I found something like this “Increasing customer advances (unearned revenue) will not require outflow of cash in the future so are less onerous than other liabilities.”

The conclusion is that growing unearned revenue increases accounting financial leverage, but true nature of leverage is not growing.

Do you agree?

From my point of view:

You got unearned revenue cash for products you still did not provide to the customer. So unearned revenue does not cause future cash outflow but causes future product outflow. From this point of view you are indeed truly leveraged more as you will have to put off inventory from your BS and it lowers your “true equity” and so on…

I think you can make the argument of profit margins. If you pay me $1,000 for a piece of equipment to be delivered in a month, that equipment could only cost me $600. That means even though it does increase my leverage, it only increases it by $600 instead of $1,000. I think that’s what they are getting at.

I agree with your question and here is your answer, you’re increasing your accrual ratio here, so you’re actually increasing your assets but not really increasing your assets, if you get what I mean.

Fin Lev = TA / Eq

I am afraid I don’t get…

As with unearned revenue I get cash I think accruals are unchanged.

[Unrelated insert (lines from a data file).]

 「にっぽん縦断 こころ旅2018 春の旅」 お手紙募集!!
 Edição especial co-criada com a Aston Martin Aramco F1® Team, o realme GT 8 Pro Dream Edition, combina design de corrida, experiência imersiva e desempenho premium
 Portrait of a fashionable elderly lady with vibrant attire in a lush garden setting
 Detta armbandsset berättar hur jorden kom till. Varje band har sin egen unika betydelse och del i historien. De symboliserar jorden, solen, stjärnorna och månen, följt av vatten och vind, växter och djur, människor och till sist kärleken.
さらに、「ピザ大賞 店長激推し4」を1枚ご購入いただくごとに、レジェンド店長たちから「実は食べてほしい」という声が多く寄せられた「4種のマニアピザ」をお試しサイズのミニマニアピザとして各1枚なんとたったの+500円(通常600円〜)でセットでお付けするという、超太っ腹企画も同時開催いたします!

NOA is higher by new cash and lower by new liability?

I don’t understand how you’re lowering your ‘true equity’? With unearned Revenue you increase Assets by cash and increase liabilities via Unearned Revenue acct. You wouldn’t reduce Inventory until you recognize the revenue.

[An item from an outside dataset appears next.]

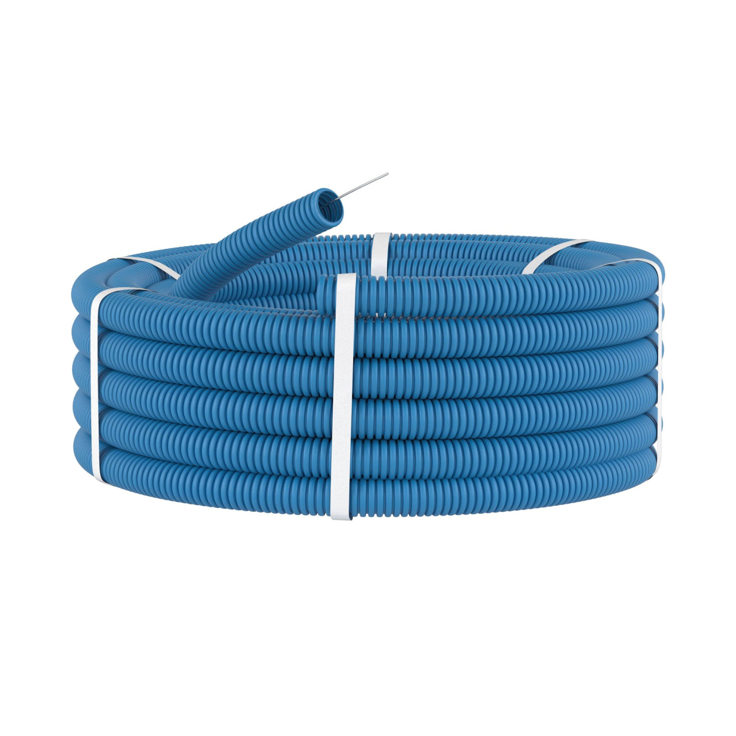 Труба ППЛ гибкая гофрированная лёгкая, с протяжкой. Труба ППЛ гибкая легкая с протяжкой D=20мм, цвет синий, уп=100м, полипропилен
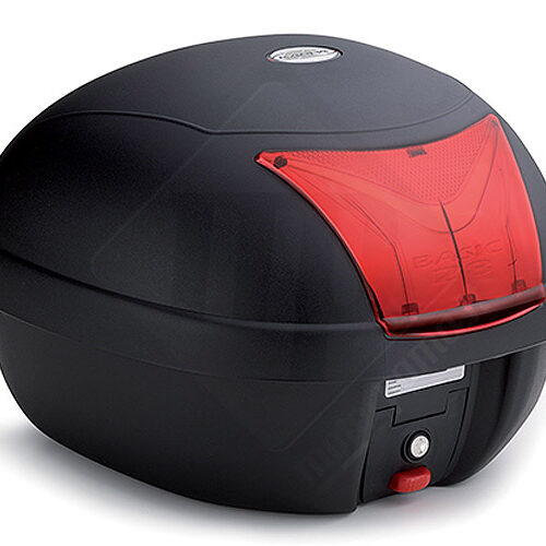 K26 – Baule / bauletto / portapacchi nero per moto – scooter – maxi scooter (scooterone) capacità 26 Lt, impermeabile con catadriotti rossi. Dimensioni piccole, adatto al trasporto di oggetti o di un solo casco. K26 rientra nella famiglia valigie e bauletti Monolock® System

Worst case scenario with Unearned revenue is that the customer cancels their order and you give them their money back. In most cases you are going to deliver the product at a future date, and not return cash, so its not like a true interest accruing liability.

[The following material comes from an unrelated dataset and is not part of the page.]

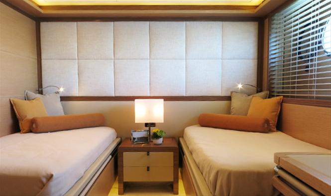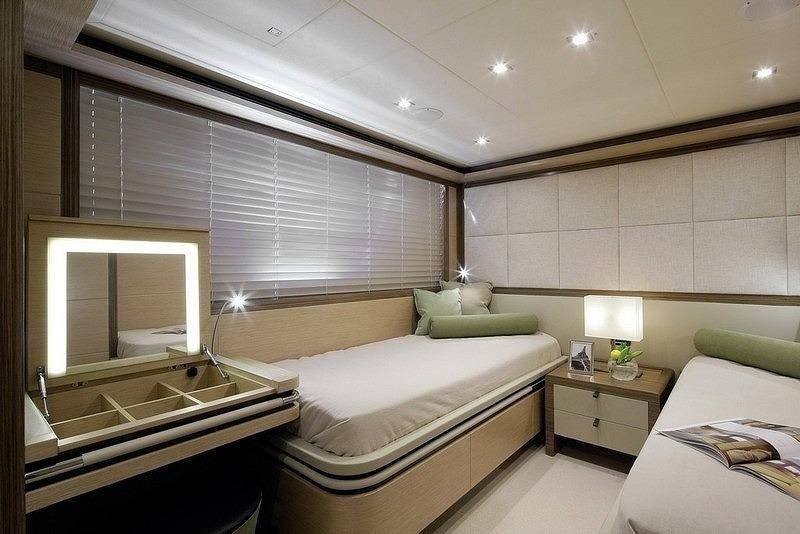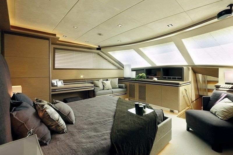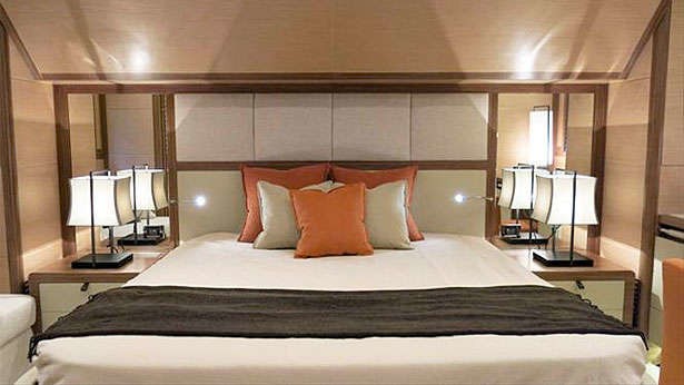 Horizon RP105 superyacht Agora can comfortably sleep her guests in 5 magnificent cabins. She features a full-beam master stateroom on the main deck, as well as four large en-suite cabins, all situated below deck. The vessel's highly trained crew sleep in 3 crew cabins.
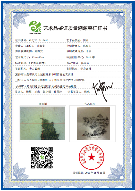 艺术品鉴证质量溯源鉴证证书

You are in truth increasing financial leverage according to the true definition of TA/Eq. But how would we compare two companies with the exact same Fin Lev ratio, but one has twice the amount of Unearned Revenue? You would assume that the company with 2x the amount of unearned revenue was in a much better financial position, because a good portion of their liabilities are just going to disappear in the future via revenue recognition instead of a cash outflow.

Of course you would want an explanation for why the company is allowing so much unearned revenue to accrue, and to understand their revenue recognition policy and their policies concerning canceled work orders. But if the explanation of the accrued revenue was legitimate than the company is in a clearly better financial position than the company with lower unearned revenue.